MATERIAL FOR THE TASK
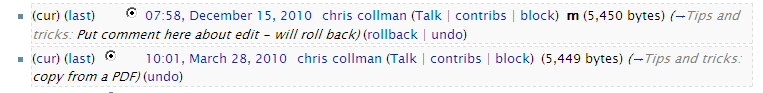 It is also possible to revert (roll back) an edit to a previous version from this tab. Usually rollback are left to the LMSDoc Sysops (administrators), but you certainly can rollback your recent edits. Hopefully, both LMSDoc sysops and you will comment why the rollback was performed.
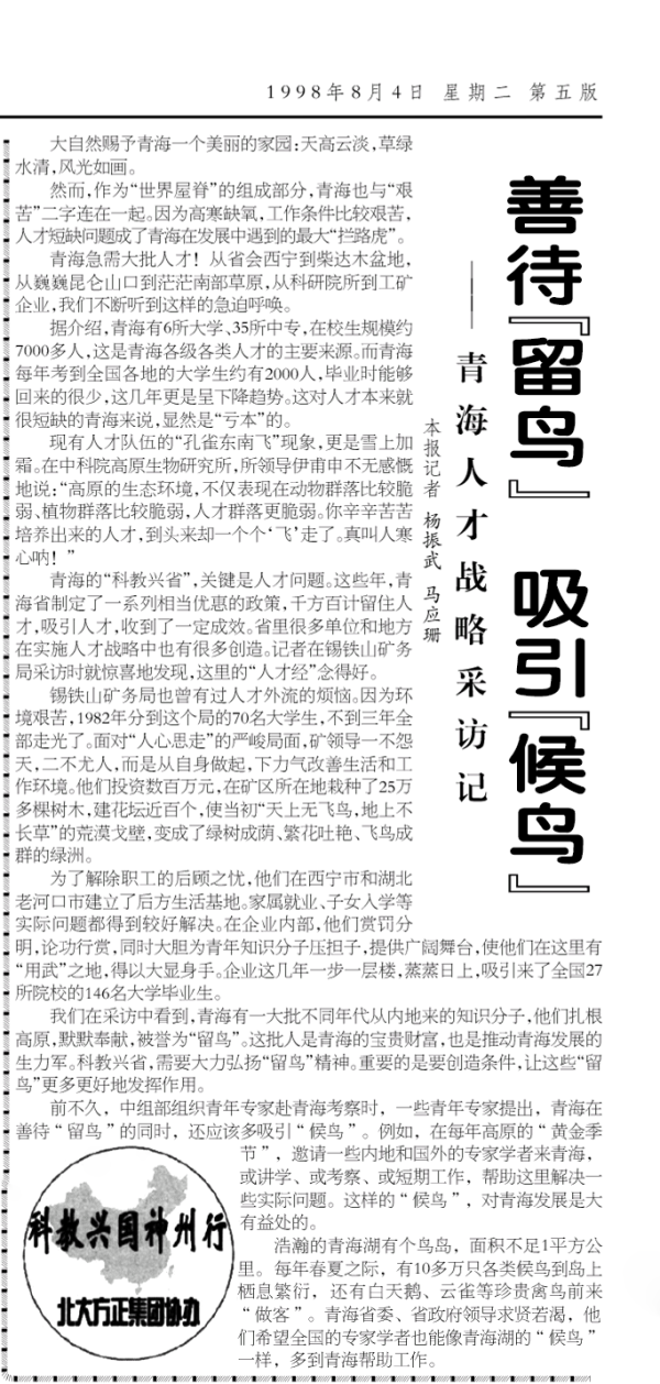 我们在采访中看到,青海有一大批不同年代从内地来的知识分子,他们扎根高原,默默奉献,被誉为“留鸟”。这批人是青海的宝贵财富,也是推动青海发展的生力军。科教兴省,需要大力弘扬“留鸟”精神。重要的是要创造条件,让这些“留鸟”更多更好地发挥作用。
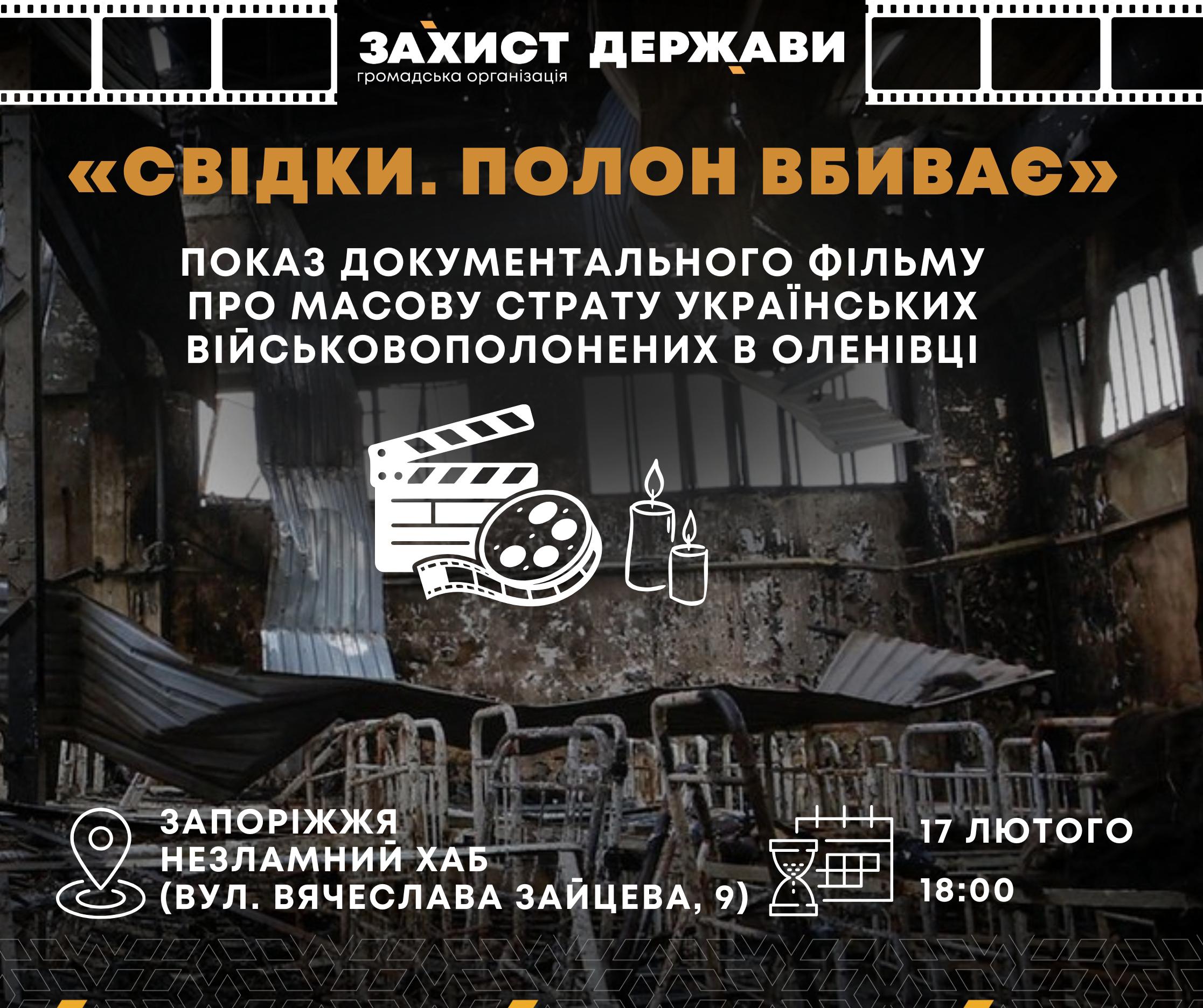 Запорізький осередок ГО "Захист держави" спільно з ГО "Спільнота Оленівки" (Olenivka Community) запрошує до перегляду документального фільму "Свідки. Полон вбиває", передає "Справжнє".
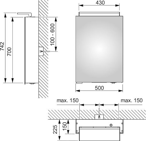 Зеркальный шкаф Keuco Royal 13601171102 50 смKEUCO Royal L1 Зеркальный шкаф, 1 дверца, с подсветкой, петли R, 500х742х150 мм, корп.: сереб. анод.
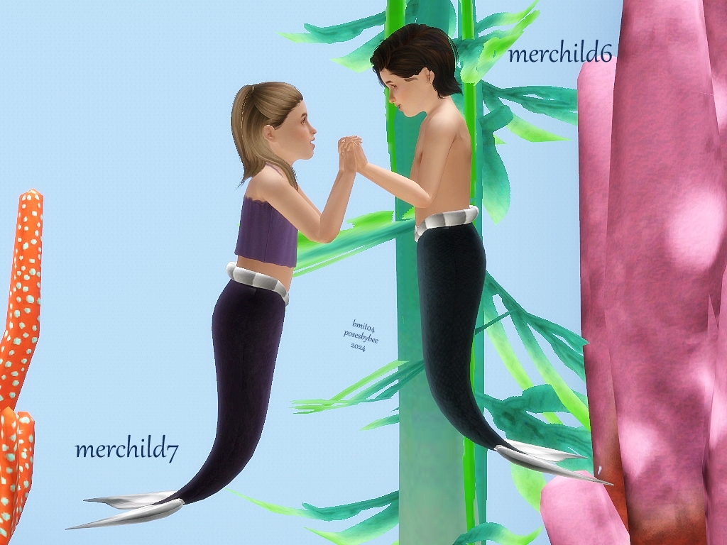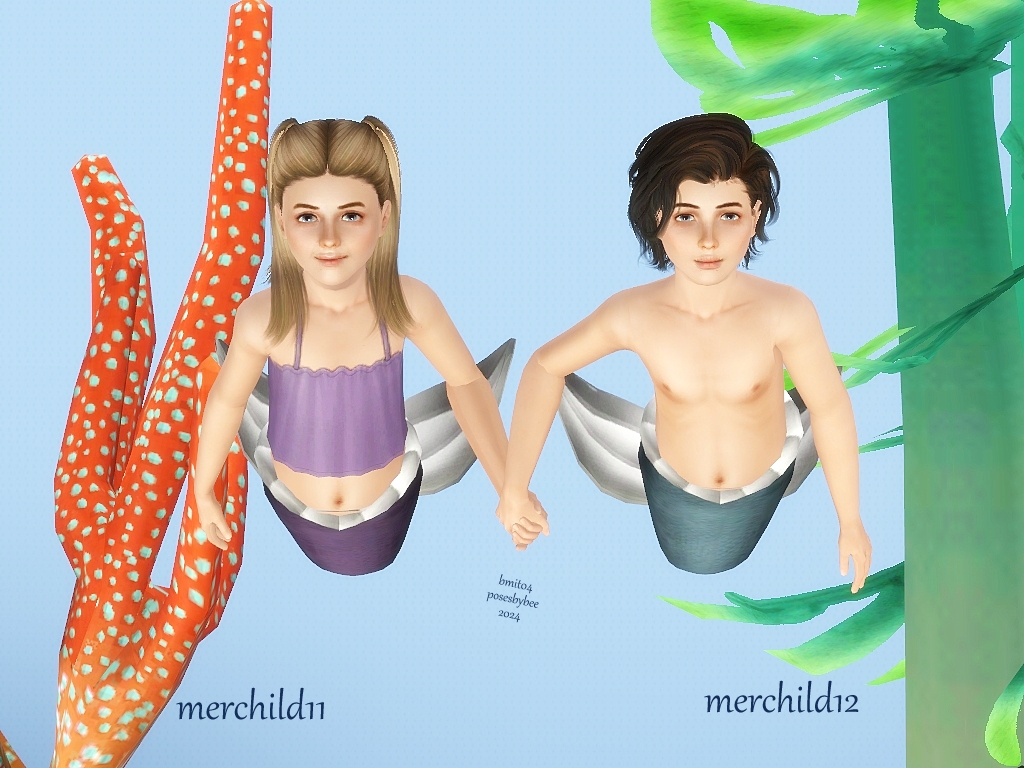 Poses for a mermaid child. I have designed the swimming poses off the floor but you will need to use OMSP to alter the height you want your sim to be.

WHAT IS BEING ASKED
Output the material word for word, and keep the pictures out.

EXERCISE SOLUTION
 It is also possible to revert (roll back) an edit to a previous version from this tab. Usually rollback are left to the LMSDoc Sysops (administrators), but you certainly can rollback your recent edits. Hopefully, both LMSDoc sysops and you will comment why the rollback was performed.
 我们在采访中看到,青海有一大批不同年代从内地来的知识分子,他们扎根高原,默默奉献,被誉为“留鸟”。这批人是青海的宝贵财富,也是推动青海发展的生力军。科教兴省,需要大力弘扬“留鸟”精神。重要的是要创造条件,让这些“留鸟”更多更好地发挥作用。
 Запорізький осередок ГО "Захист держави" спільно з ГО "Спільнота Оленівки" (Olenivka Community) запрошує до перегляду документального фільму "Свідки. Полон вбиває", передає "Справжнє".
 Зеркальный шкаф Keuco Royal 13601171102 50 смKEUCO Royal L1 Зеркальный шкаф, 1 дверца, с подсветкой, петли R, 500х742х150 мм, корп.: сереб. анод.
 Poses for a mermaid child. I have designed the swimming poses off the floor but you will need to use OMSP to alter the height you want your sim to be.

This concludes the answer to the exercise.